WHAT THIS TASK INVOLVES:
After locating the line that holds "MEDAN , jejak-kriminal.com", copy that line and all that follow it word for word through the end of the data, with no pictures.

SUPPLIED MATERIAL:

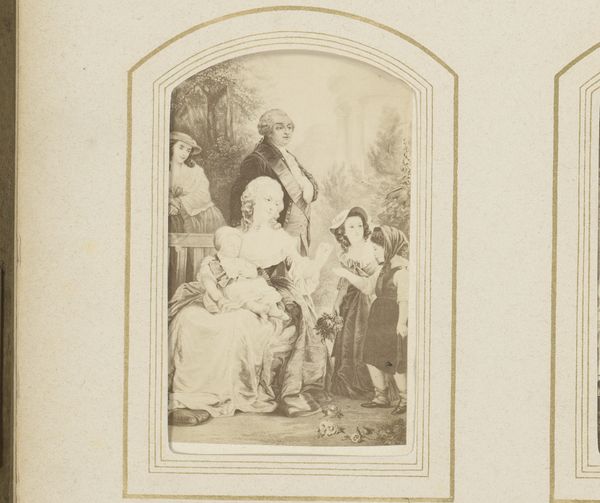 This is an anonymous 19th-century photograph, currently held in the Rijksmuseum, showing an interior scene with two figures, framed by an arch. The monochromatic palette and soft focus contribute to a gentle, nostalgic atmosphere. The composition directs our attention to the contrast in scale and posture between the older man and the child seated on the stool next to him. The formal arrangement here could be interpreted through the lens of semiotics, as the photograph uses recognizable visual codes to communicate ideas about age, innocence, and the transmission of knowledge. The man’s relaxed pose and the child's studious concentration suggests a specific narrative, perhaps a moment of intergenerational exchange. The photograph invites us to reflect on the structures that shape our understanding of family and learning. While the content may seem straightforward, the photograph’s strength lies in how it uses formal elements to subtly play with established meanings.
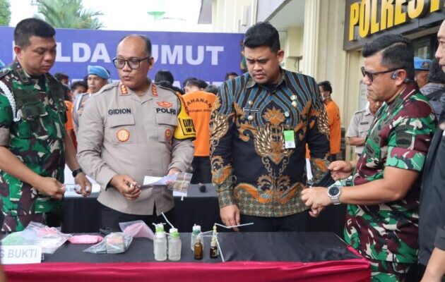 MEDAN , jejak-kriminal.com – Walikota Medan, Bobby Nasution memberikan apresiasi kepada seluruh jajaran baik Polrestabes Medan, Pomdam dan Denpom yang bahu membahu memberantas peredaran gelap narkoba.
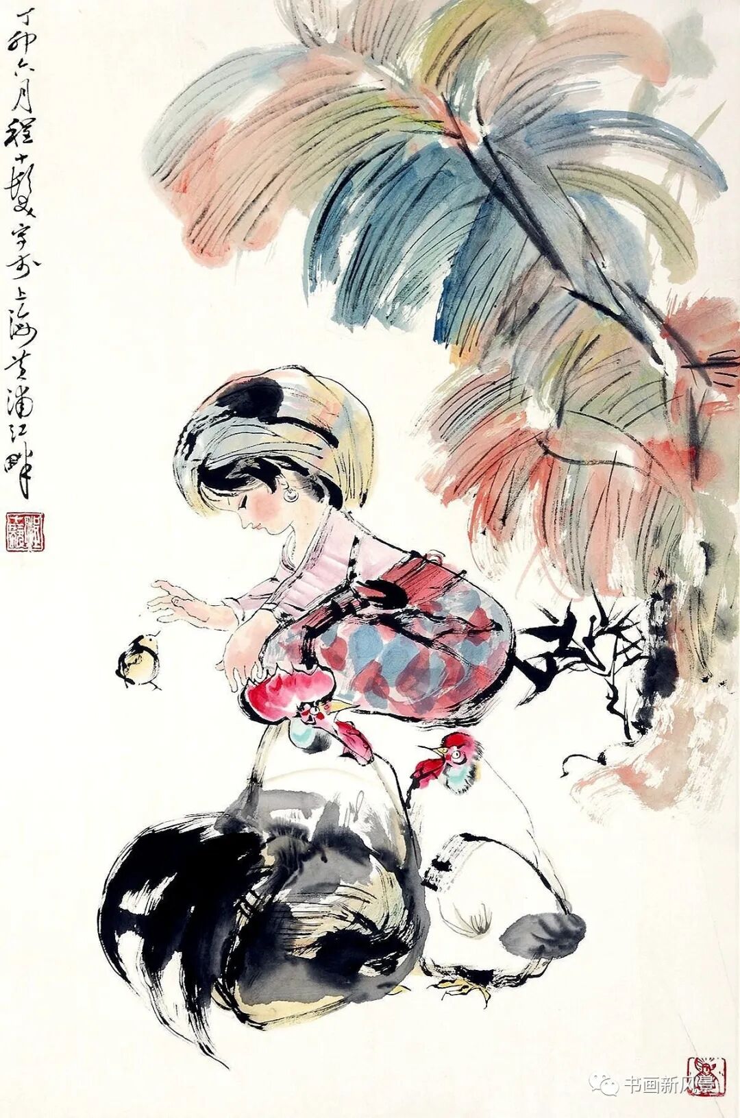 程十发(1921-2007),中国海派书画画匠,在人物、花鸟方面独树一帜。程十发曾说,画画要处处显得放松——精神放松,笔放松。描绘对象要繁物缩简,简而化繁。

ANSWER SECTION:
 MEDAN , jejak-kriminal.com – Walikota Medan, Bobby Nasution memberikan apresiasi kepada seluruh jajaran baik Polrestabes Medan, Pomdam dan Denpom yang bahu membahu memberantas peredaran gelap narkoba.
 程十发(1921-2007),中国海派书画画匠,在人物、花鸟方面独树一帜。程十发曾说,画画要处处显得放松——精神放松,笔放松。描绘对象要繁物缩简,简而化繁。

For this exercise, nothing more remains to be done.